The cockspur hawthorn is extremely tolerant to hot and dry conditions. This is a low-branching tree, and its lowest branches may even touch the ground. The tree’s leaves are dark green, oval shaped, and turn beautiful shades of red and purple in the fall. Though the white flowers on this tree are pretty, they have an unpleasant smell. This tree produces bright-red, round berries, which though edible to humans, are usually left for the birds. This tree also attracts butterflies.
Family: Rosaceae (Rose)
Characteristics: The 1-4 inch long leaves are oval-shaped and dark green. In the fall, leaves turn bronze-red to purple. In May, unpleasant-smelling white flowers appear in 2-3 inch clusters. These flowers give way to bright-red, round berries that ripen in late September to October and will usually remain on the tree all winter. Bark is rough and becomes shaggy with age. This is a low-branching tree, with wide-spreading horizontal branches. Branches are covered in 1 ½ - 3 inch long thorns. This tree grows 20-30 feet high and 20-35 feet wide.

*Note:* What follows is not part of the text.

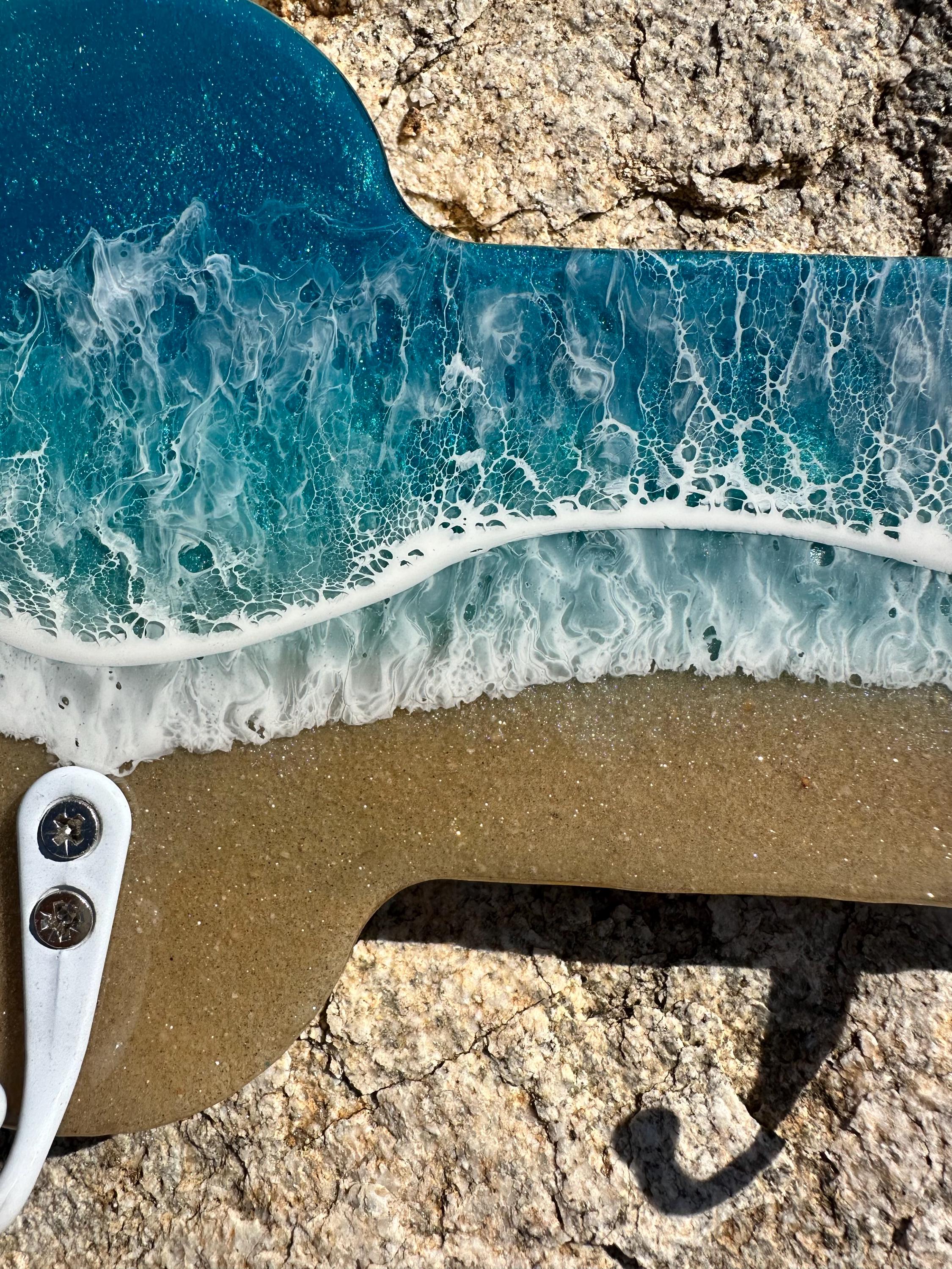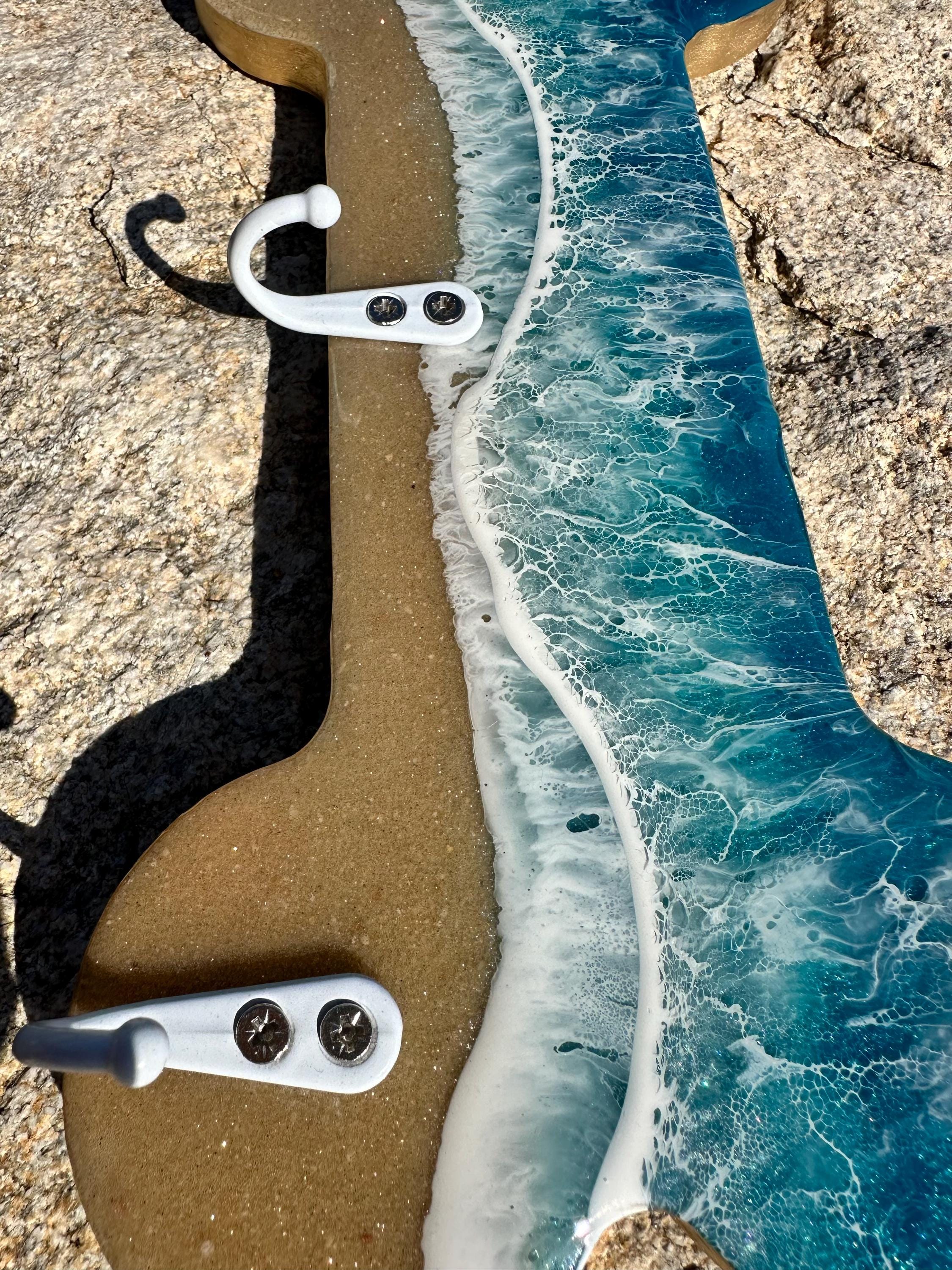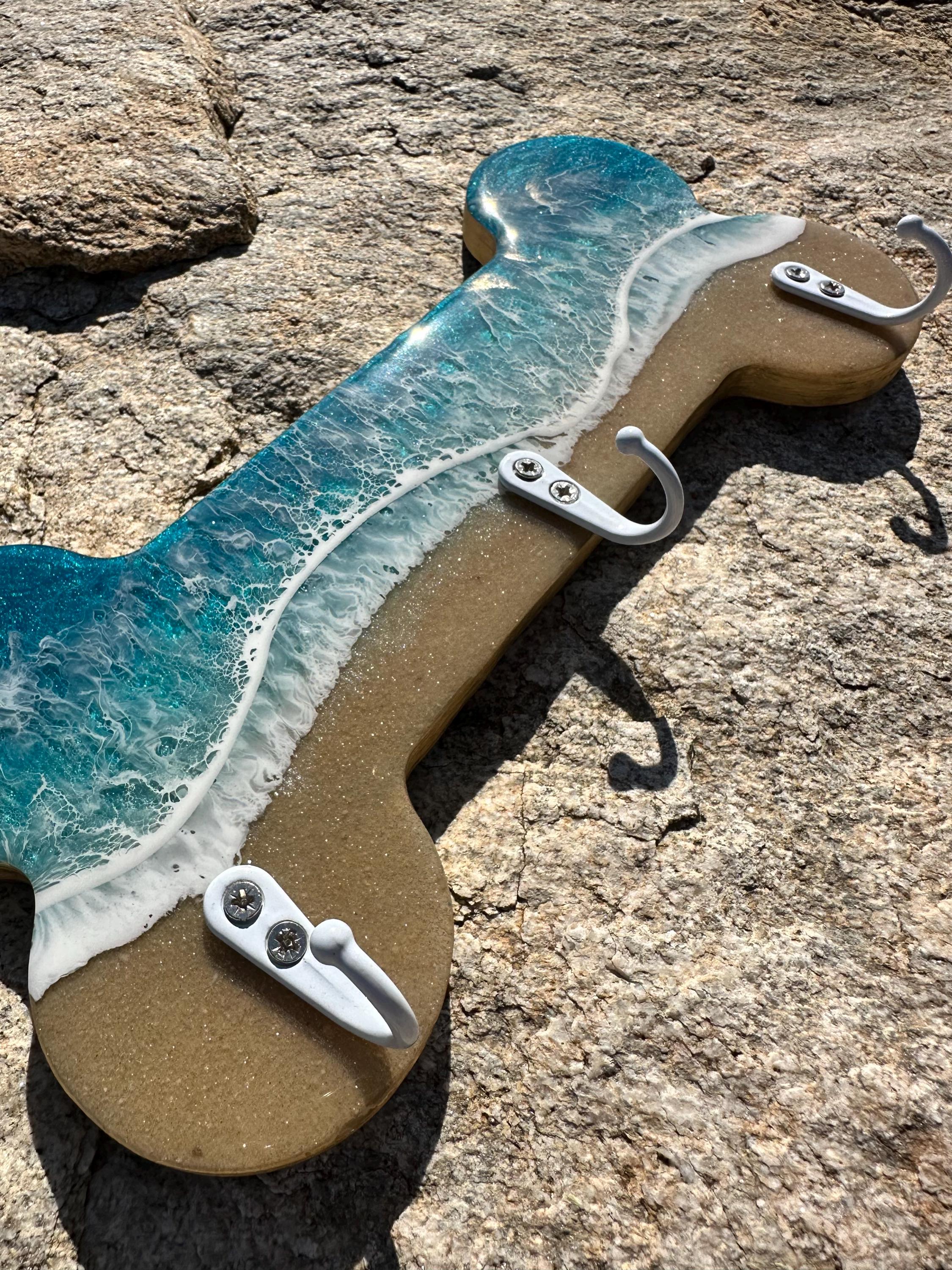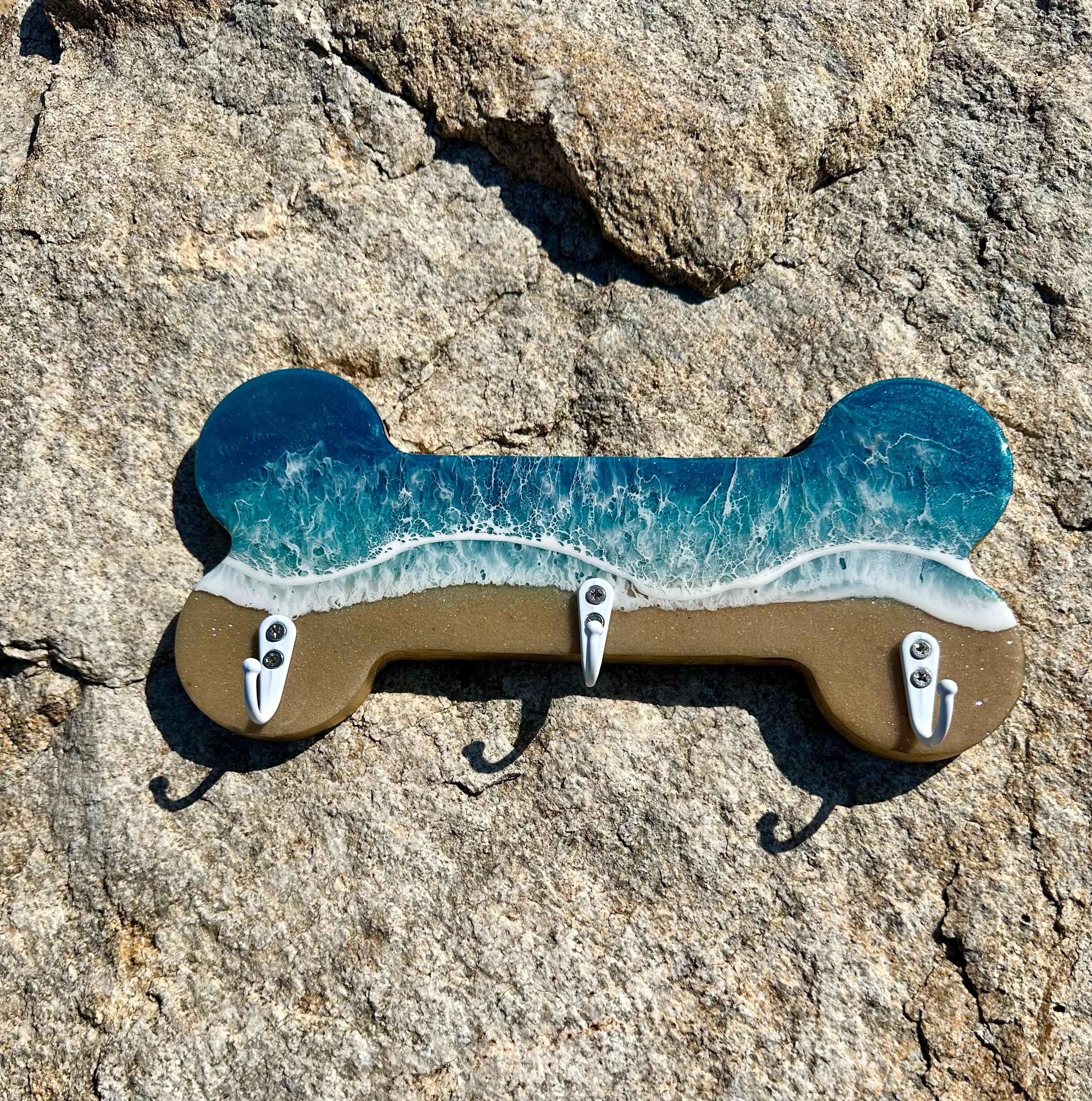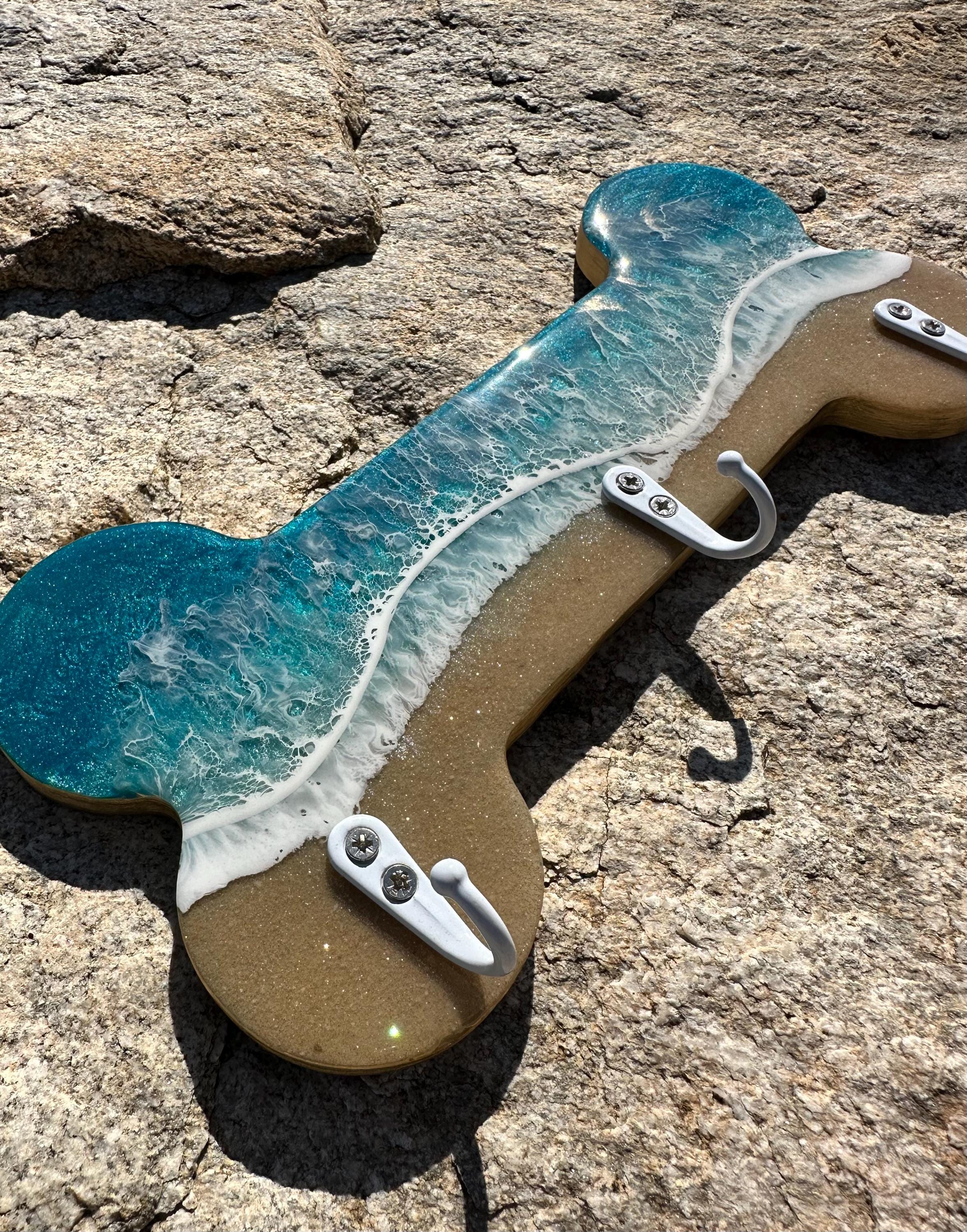 This is an ocean resin art piece shaped as a dog bone with hangers attached for you to hang your dog leashes from. You can use a dog leash holder or to simply hang your keys from.
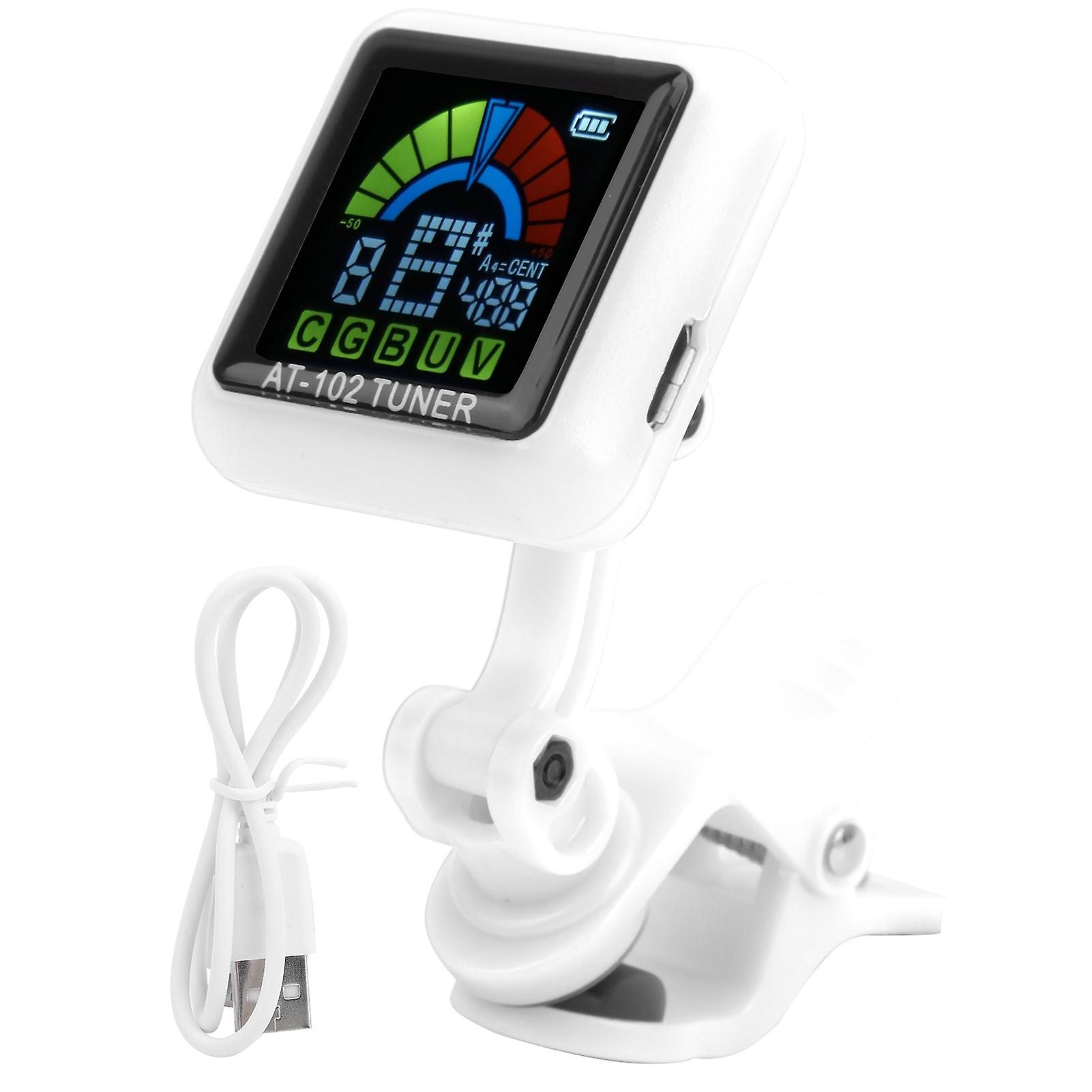 Clip-On Guitar Tuner USB Rechargeable with Built-In Battery for Violin Ukulele AT102 White Accurate Digital Tuning

Foliage: Deciduous (leaves lost seasonally)
Geographic Origin: North Eastern United States (native)
Cultivation Notes: Requires medium maintenance. Does best in full sun, though can tolerate light shade. Prefers moist and well-drained soils. This tree is very tolerant to drought conditions, and can also tolerate clay soils and air pollution. It is prone to cedar rust disease. This tree should also be used with care, due to its long and sharp thorns.